Polizei sucht mit «Schulfahndung» nach Missbrauchsopfern

Im Kampf gegen Kindesmissbrauch setzen Ermittler in Baden-Württemberg auf die Mithilfe von Lehrern.

15.07.2018
  • dpa/lsw

Freiburg. Das Instrument der sogenannten Schulfahndung habe sich bewährt und greife regelmäßig, sagte ein Sprecher des Landeskriminalamtes (LKA) der Deutschen Presse-Agentur. In mehr als 80 Prozent der Fälle gelinge es, bis dahin unbekannte Missbrauchsopfer zu identifizieren und in Sicherheit zu bringen. Verbrechen könnten so aufgeklärt, Täter überführt werden. Auch im Missbrauchsfall Staufen bei Freiburg, bei dem ein Junge jahrelang von mehreren Tätern vergewaltigt wurde, habe die Polizei die «Schulfahndung» eingesetzt.
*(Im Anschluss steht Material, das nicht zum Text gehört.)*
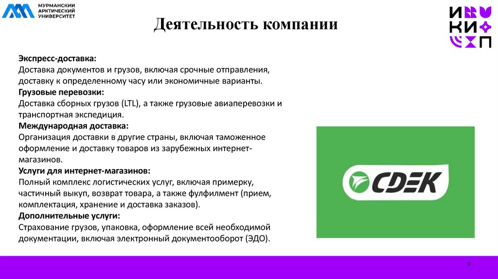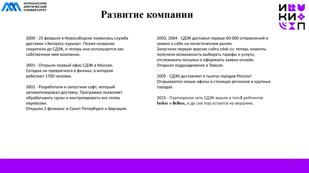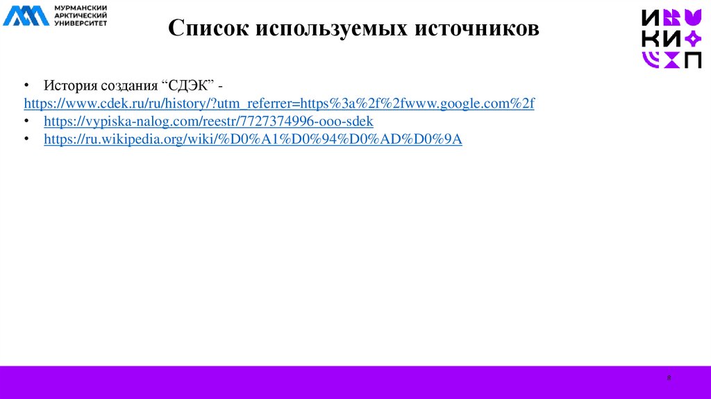 Список используемых источников• История создания “СДЭК” https://www.cdek.ru/ru/history/?utm_referrer=https%3a%2f%2fwww.google.com%2f

Sie werde genutzt, wenn andere polizeiliche Mittel zuvor nichts erbracht haben. Schulleiter erhalten dann den Angaben zufolge Bilder von Kindern. Es seien nur Gesichter zu sehen. Details zu Taten würden nicht genannt. Lehrer seien aufgefordert, sich die Bilder anzuschauen und bei Verdacht die Polizei zu informieren.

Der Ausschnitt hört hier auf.